# first thoughts on how to compose a Lear opera



## science (Oct 14, 2010)

Goneril's and Regan's declarations of love for their father ought to be done in the style of a treacly pop ballad, a la "My Heart Will Go On." At that moment in the play Lear should personify the people who like that kind of thing: fake sentimentality rather than genuine emotion. 

The play's conflict between honesty and hope will be embodied in the music. Everything fake (or calculated to preserve the inauthenticity) in the play will be in simple musical styles: 3/4 or 4/4 time, common keys like C major; everything authentic and troubling in the play will be difficult: polyrhythmic, dissonant (even - gasp! - atonal!).

So Cordelia's "Nothing" must destroy the sweet fake music of the scene, upsetting Lear. The music of Cordelia ought to express her love, but not in Hallmark Card tunes. Perhaps allusions to Berg's Lyric Suite would be appropriate here. Genuinely loving music, but utterly without kitsch.

Lear's rage and Cordelia's banishment should bring back simple music, although of course expressing emotion but still in a cliched idiom. His conversations with Goneril and Regan, even as they abuse him and he curses them, ought also to be in traditional, accessible, romantic styles. My illiterate relatives ought to be able to understand and enjoy that music, whether it's expressing anger or whatever. 

A similar pattern would apply to Edmund and Edgar. When he prays to nature, Edmund's music should be honest, but then sweet music for his deceptions. Gloucester is blinded in a crescendo of patriotic, triumphant pablum. 

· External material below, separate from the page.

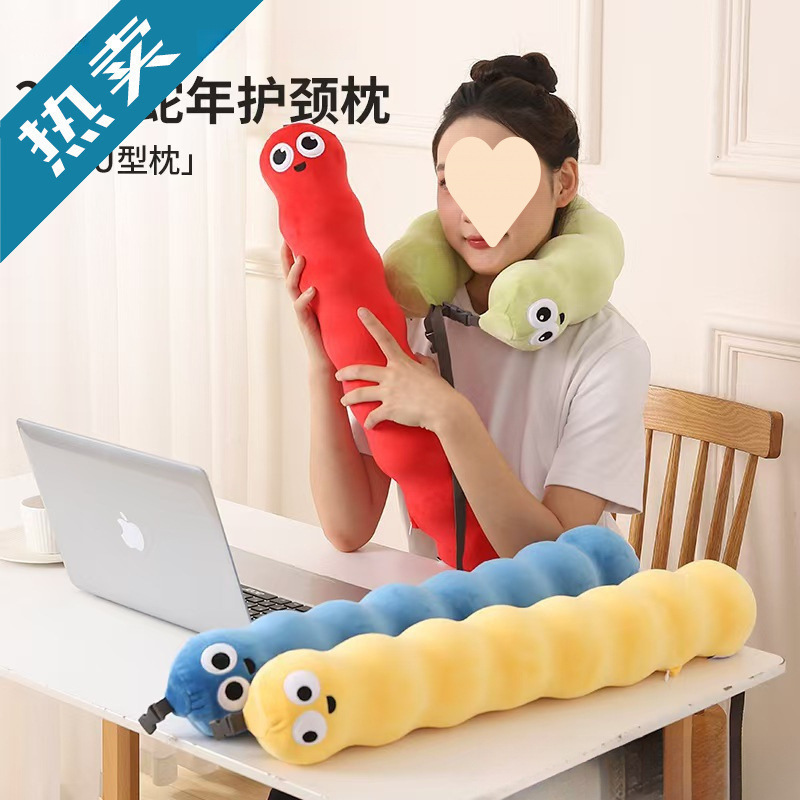 スネーク U 字型枕かわいい漫画の首枕首枕形昼寝枕毛虫は飛行機や高速鉄道を収納できます

The fool's sad jests should be ambiguous, tonal but with sharp edges. The storm will of course be a marvel of shocking sound - ideally, it'd be some sort of twist on the martial music from Gloucester's blinding: perhaps played backwards and upside down, but actually that might be unacceptably accessible. The rhythm and tonality ought to be broken.

Edgar's redemptive deceptions of his father must be in hymn-like tones; I would have the scene when he undeceives (and so kills) his father portrayed on stage, though I wouldn't give words to the scene as Shakespeare has it off-stage. Still, we can show Edgar speaking to his happily deceived father, then the music grows darker and harsher and Edgar throws off his disguise; unable to endure this truth, his father dies in the music from the storm scene. 

Edgar's victory over Edgar should use the music from the blinding scene. 

Lear's last moments must be musically ambiguous like the fool's jests: sentimentally sweet as if he believes Cordelia is reviving, with an undercurrent of the authentic, disturbing music, and of course, this must be Cordelia's music from the first scene. 

But once he dies, no one remains who believes Cordelia lives, and her death represents the end of authenticity, honesty. Edgar has certainly learned his lesson. The music, then, must return to the fake music of Goneril and Regan and the blinding scene, as the remaining characters sing piously that we ought to tell the truth. 

Done right, it ought to appeal to the people I'm mocking: who would enjoy the music of Goneril and Regan. The cynicism ought to be apparent only on analysis. 

Stage design by David Lynch.


----------